Além dos gritos de ordem, os participantes entregaram panfletos explicando um pouco do ato a quem parou para assistir. “A Marcha das Vadias é um evento internacional com o propósito de debater sobre a culpabilização das vítimas de violência sexual. É comum que ao invés de culpar o(s) autor(es) do crime, a culpa se sobrecaia na vítima, justificando a agressão física a partir das roupas ou supostos comportamentos apresentados pela vítima”, explica o texto.
Vadia Taquara
A concentração foi na Prainha, sob os olhares da estátua de bronze de Maria Taquara, do artista plástico Haroldo Tenuta. Reza a lenda que a negra, esguia, pobre lavadeira quebrou paradigmas da sociedade cuiabana da década de 1940 ao ser a primeira mulher a usar calças. Também é lembrada pela libido. Dizem que Maria se deitava e fazia a alegria do 16º Batalhão de Caçadores. E foi dos pés de Taquara que a marcha saiu.
A manifestação seguiu pela Prainha, subiu a Getúlio Vargas e parou na Praça Santos Dumont. No trajeto, funks de Valesca Popozuda deram o tom, junto com o “batuque das vadias”, que seguia atrás do carro de som. Os discursos reclamavam a liberdade de escolha, o livre uso do corpo, o direto a sexualidade e fim da violência sexual.
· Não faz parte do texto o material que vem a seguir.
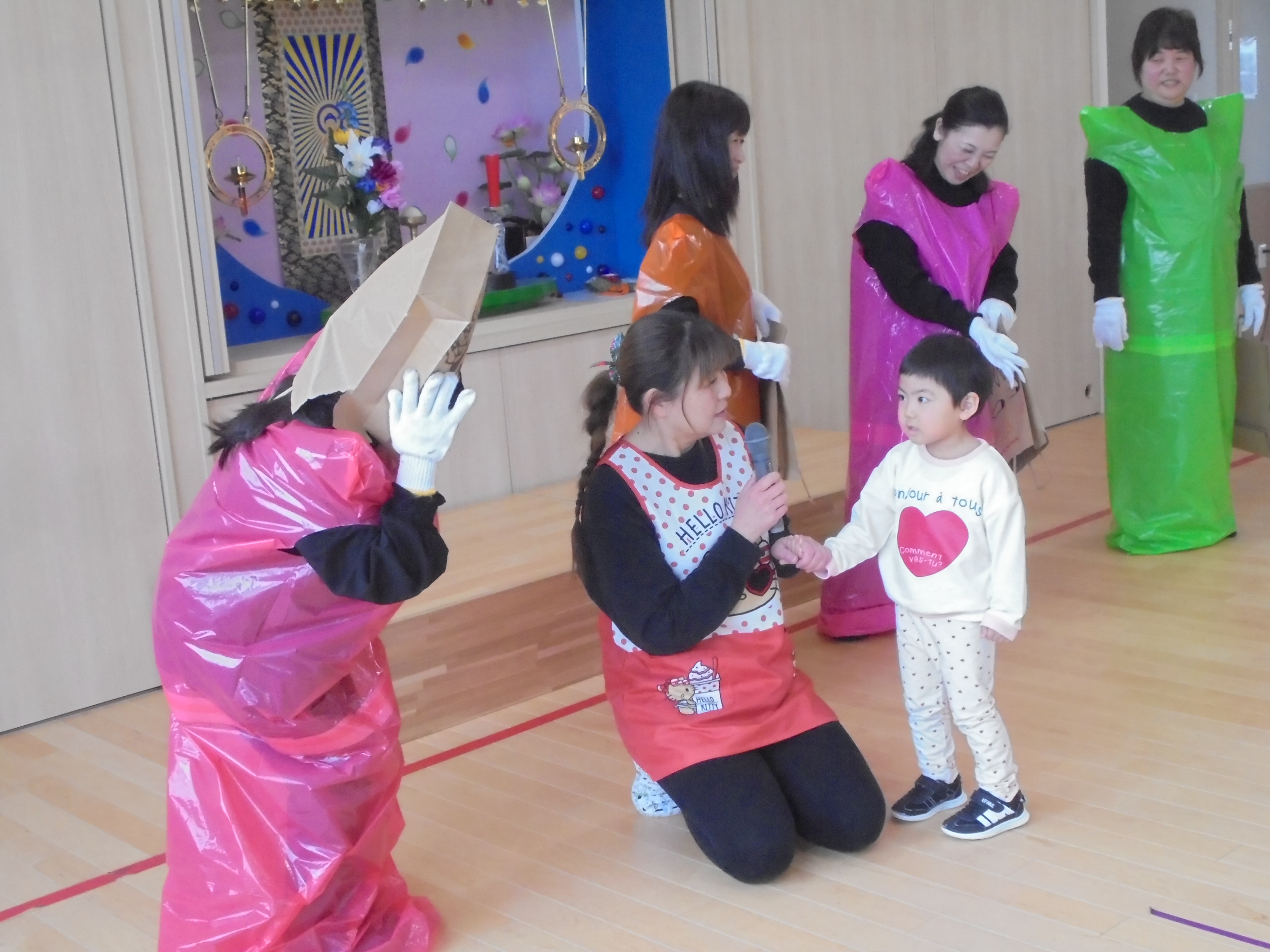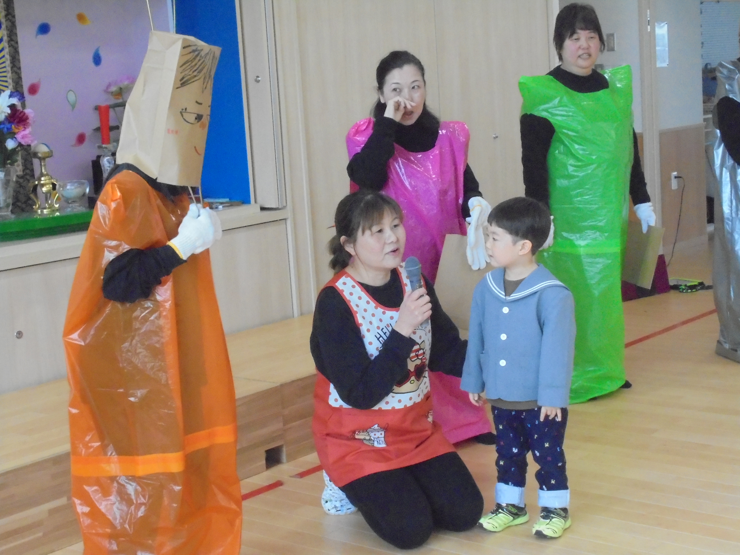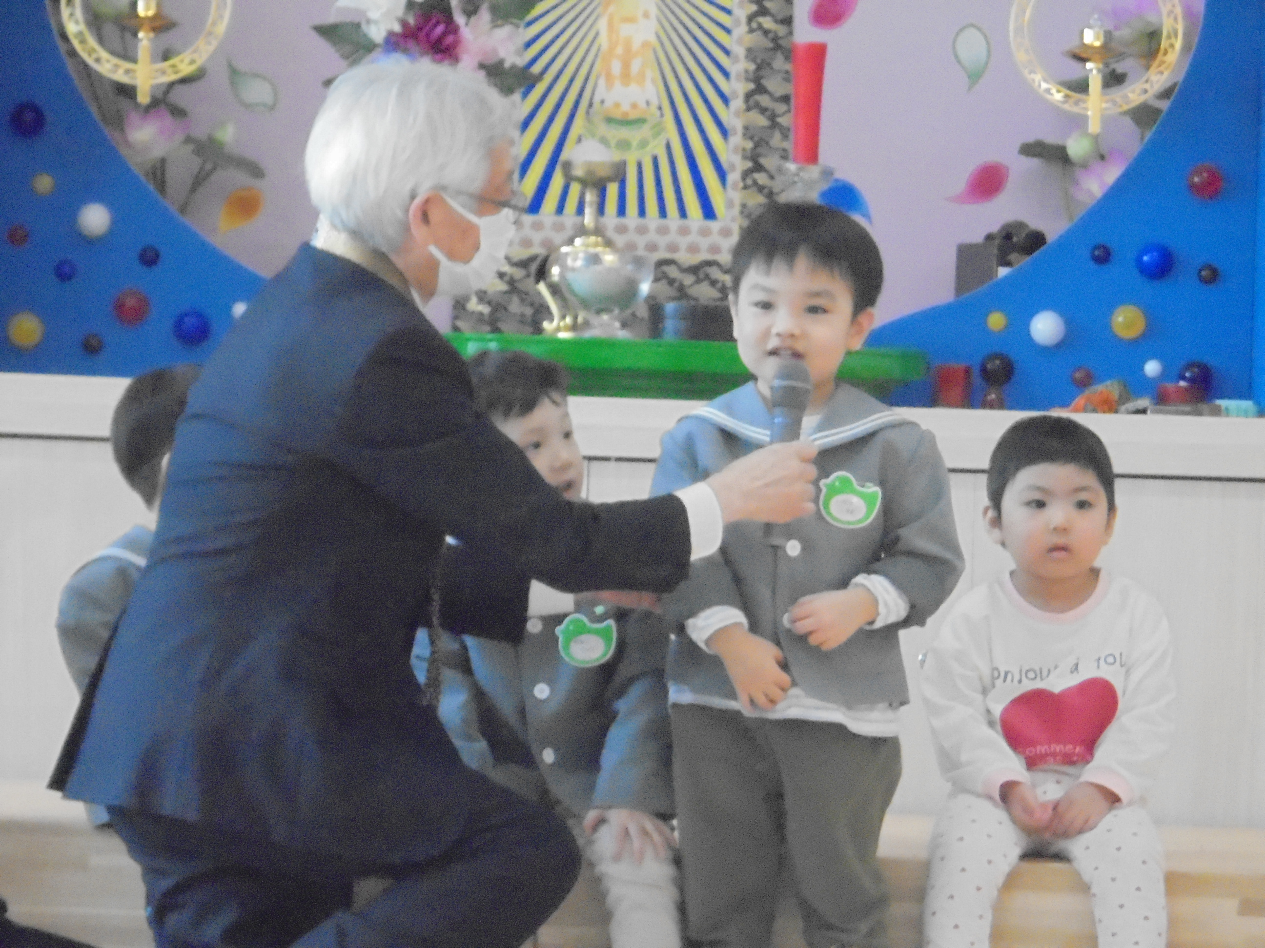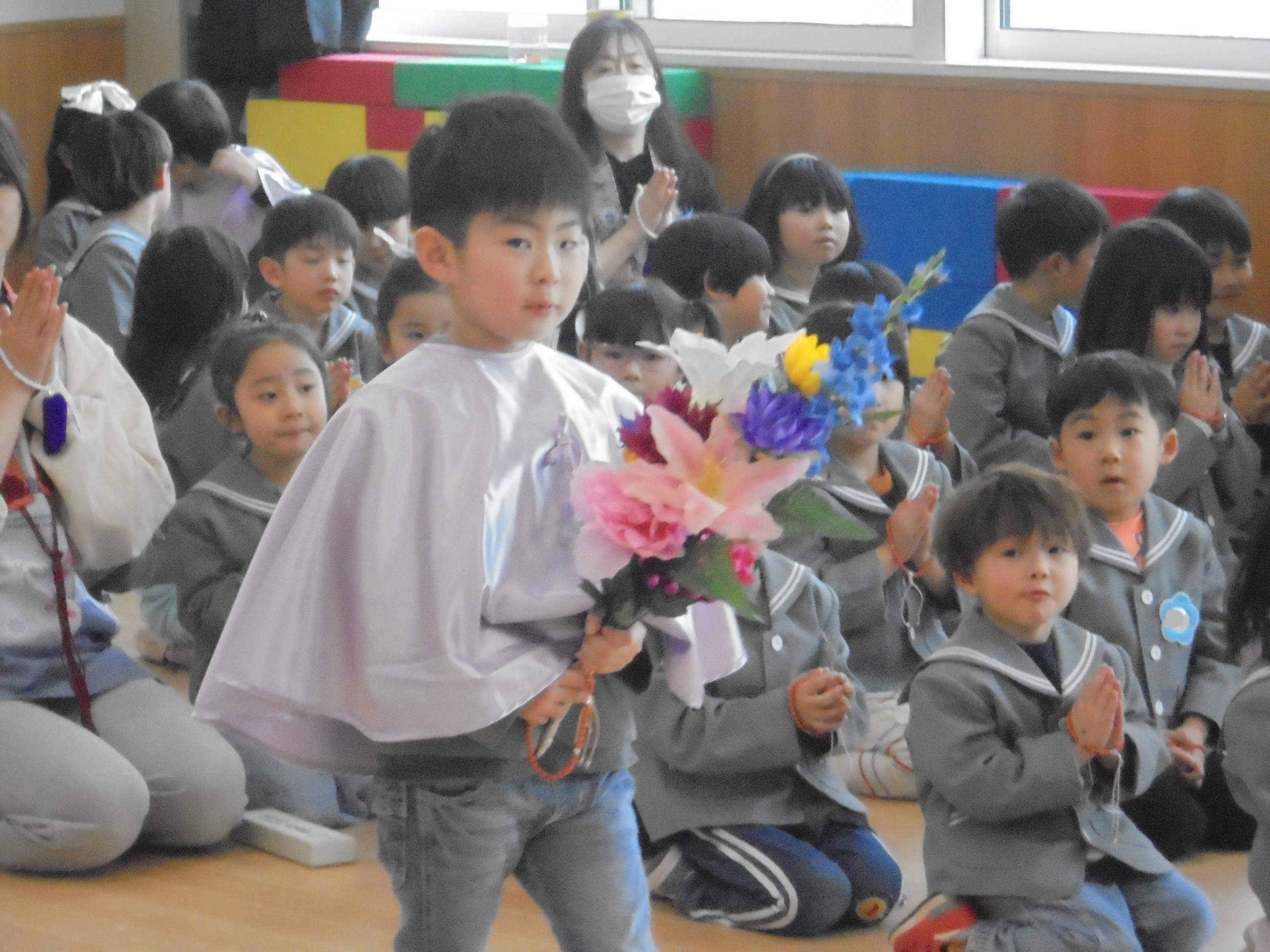 今日は3月のお誕生会でした。インタビューではどんな遊びが好きかはっきり言えてましたよ。先生たちからの贈り物は、先生当てクイズでした。(^^)/

“Se o corpo é da mulher, ela dá pra quem quiser. Até para outra mulher”, provocava um dos cânticos. O tom do discurso se acirrou na largada, pois a concentração foi feita perto de uma igreja católica e outra protestante e em frente a Igreja Matriz, na Getúlio Vargas. “Abaixo o fundamentalismo religioso”, bradava uma das manifestantes com o microfone.
Peladas x peladeiros
Quando a marcha passou por um campo de futebol na Avenida Getúlio Vargas, os peladeiros pararam ao ver as meninas com trajes curtos. Mesmo em minoria, soaram as piadas sexistas contra as quais o ato foi criado. Quem ouviu as provocações, revidou mostrando cartazes. Um manifestante entregou o panfleto sobre o movimento e não foram todos que aceitaram pegar o papel. O protesto continuou. O jogo segue.
“Este ano houve menos participantes do que na marcha do ano passado, mas o mais importante é a conscientização popular contra os dogmas machistas. Combatemos também dogmas religiosos e homofóbicos, e defendemos a liberdade corporal e sexual”, disse a estudante universitária e estagiária Larissa Corrêa, de 20 anos.
A técnica em enfermagem Aline Kawana Gomes, de 22 anos, acredita que há uma maior conscientização da sociedade nos últimos anos, mas que ainda há muita falta de respeito. Ela reclamou do fato de alguns homens que estavam assistindo à marcha terem “mexidos” com as manifestantes, dizendo que queriam ver os seios delas.
"Existe muito preconceito em Cuiabá, quanto à forma de as mulheres se vestirem, ou o fato de elas usarem tatuagem. Mas isso está sendo vencido"
“Já estive na Marcha das Vadias de São Paulo e percebo que, aqui em Cuiabá, as meninas estão muito mais politizadas e conscientes que antigamente. Existe muito preconceito em Cuiabá, quanto à forma de as mulheres se vestirem, ou o fato de elas usarem tatuagem. Mas isso está sendo vencido”, afirmou.
“A principal mensagem que queremos passar é que estamos lutando pelo direito das mulheres sobre seus próprios corpos, sem ter ninguém para julgar, seja o governo ou o patrão”, concluiu.
Origem
A Marcha das Vadias teve início no Canadá como uma manifestação pelos direitos da mulher. Em 2011, após diversos casos de abuso sexual em mulheres na Universidade de Toronto, o policial Michael Sanguinetti teria afirmado que, para evitar o estupro, as mulheres deveriam evitar se vestir como vadias.
O termo “vadia” foi adotado e batizou a marcha, que em inglês é chamada Slut Walk. No Canadá, o evento causou polêmica pelos seios de fora e frases de efeito pintadas nos corpos das mulheres. No Brasil, o movimento ganhou força no ano passado.